As the ball shot toward the stands in left field, Hoskins briefly stretched his arms skyward, exultant. Then he flung down his bat. This was a statement: If a bat flip is a show unto itself, a bat spike feels more like a continuation of its plate appearance, a decisive, piercing conclusion. It’s punctuation. And Hoskins’s spike seemed to end a sentence that had been years in the making. It held frustration, vindication, exhilaration. Here was the exclamation point—on a franchise’s playoff drought, on a team’s bumpy season, on his own ups and downs this year. It all led to this swing and, in turn, to this spike.
“I didn’t know what I did until a couple innings later, really,” Hoskins said. “It’s just something that came out, just raw. But God, it was fun.”
It was part of a spectacular unraveling for Braves starter Spencer Strider. Making his first start since Sept. 18 after being sidelined with an oblique injury, Strider was on a limited pitch count, Braves manager Brian Snitker had confirmed before the game. The rookie came out looking perfectly healthy: He cruised through the first two innings without allowing a baserunner. But everything fell apart for him in the third. Strider lost his feel for the zone against the first batter, Phillies center fielder Brandon Marsh, walking him on four pitches. He labored through the next two matchups—ultimately striking out second baseman Jean Segura and yielding an RBI double in a battle with shortstop Bryson Stott—before the Braves decided to intentionally walk Kyle Schwarber to get to Hoskins.
“I’m human. I’m a competitor,” Hoskins said of the intentional walk. “They're obviously telling me something right away before I even step in the box. So I'm ready to compete.
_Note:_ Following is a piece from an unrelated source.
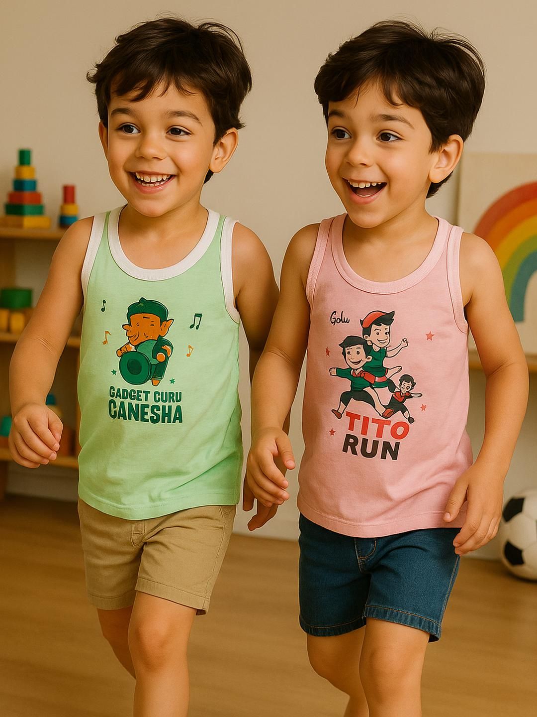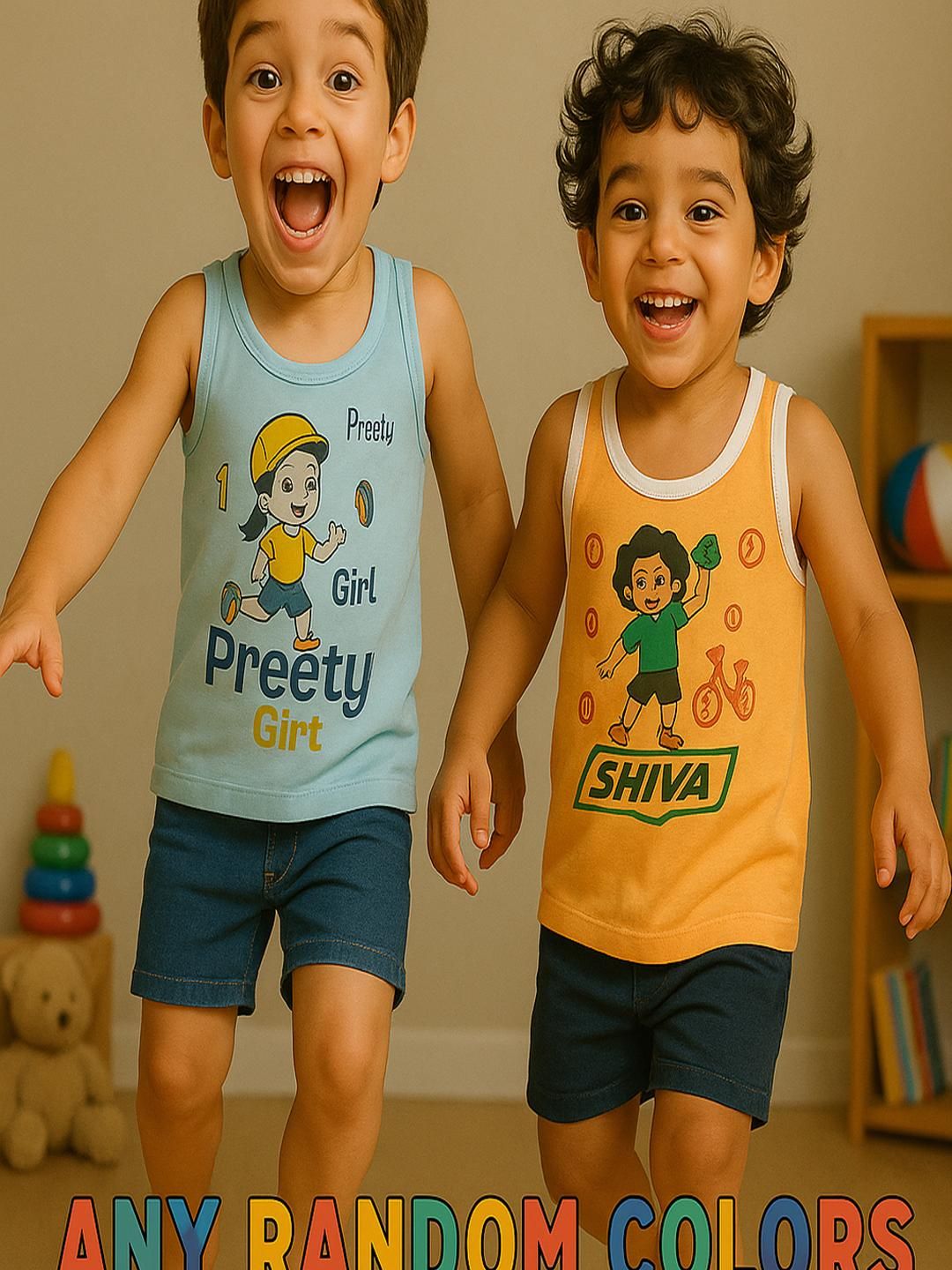 1.Pack Of 2 pcs New Born baby kids inner wear baniyan | unisex printed cotton baby sando | 100% Cotton vest for baby | daily wear infant vest | sleeveless vest for baby | toddlers vest cotton. 2.Sleeveless Vest for Baby & Toddlers | A versatile and stylish innerwear option| perfect as a banyan undershirt, or layering piece for casual wear| sleepwear | summer outfits.3.Unisex Printed Cotton Baby Sando | Made from 100% premium cotton | These lightweight and stretchable vests offer a gentle touch on delicate skin | keeping babies cool and sweat-free.4.100% Cotton Vest for Baby | Crafted with high-quality | skin-friendly cotton | This daily wear infant vest is soft | durable | Retains color and print even after multiple washes.5.Age Limit:- It is for all ages from newboarn baby to Kids upto 9 Years sizes are like;- 0-3 Month, 3-6 Months, 6-12 Months, 12-24 Months, 2-3 years, 3-4 years , 4-5 Years , 5-6 Years , 6-7 Years.6.Perfect Gift Option:- Not sure what to buy a baby, baby shower, or birthday gift? This cute and functional Shamriz Baby Tank Top Set blends style, comfort, and affordability in one delightful package sleeveless vests is excellent for baby showers or as a welcome present. Holidays, birthdays, and other special occasions These soft pyjamas make great gifts for infants on Diwali, Christmas, Eid, and Rakhi for everyday wear, playing, or going away

And I think when you light a little bit of a fire under somebody, [they] tend to hone in and focus a little bit more, and I just didn't miss.”
Strider’s first pitch to him was a lifeless fastball: 93 mph, among the slowest of his professional career, a clear sign that his outing had gone south. Hoskins was ready. The ball was gone.
The Phillies now had a four-run lead with just one out in the third; Strider had passed the 50-pitch mark. Yet the young starter was left in to face catcher J.T. Realmuto. And there was contact on the first pitch here, too: a well-struck single to left field. After four hits and four runs on four consecutive pitches—with a fifth baserunner mixed in on the intentional walk—Strider’s day was over. Reliever Dylan Lee was now in to face Harper.
Again the first pitch was a lifeless four-seamer. Again the ball was gone. It was 6–0, and the Phillies would not look back.
The energy in the stadium was palpable enough to feel physical: “When you’re running in the outfield, or around the bases, whatever, and you just feel whoo, whoo, that’s when you know,” Marsh said. “It was that loud.” Stott said he needed to crank up his PitchCom—the device that shares pitch calls with the pitcher and infield—to more than double its usual volume to hear it at all.
“The crowd gave us energy,” said Phillies manager Rob Thomson. “That’s as loud as I’ve been around. And it was just fantastic. They went from first pitch to last pitch… That was unbelievable.”
The Phillies will have Noah Syndergaard on the mound as they look to close out the series in Game 4. While the righty was moved from the rotation to the bullpen toward the end of the season, without a solid fourth starter here, it’s logical enough to go with Syndergaard over Bailey Falter or Kyle Gibson. It further helps that some key members of the bullpen, like Seranthony Dominguez and Zach Eflin, will be fresh after not being used in Game 3.
But those are details for Saturday. On Friday night, the Phillies could instead bask in a win that felt a long time coming, and embrace the pair who made it happen.
“We’ve been on some teams that lost a lot and kept inching our way up,” Nola said of him and Hoskins. “Every spring training, the team [was] getting better. The guys getting better, getting closer as a group, and finally made that push this year. It’s been fun so far. But we’ve got tomorrow to take care of.”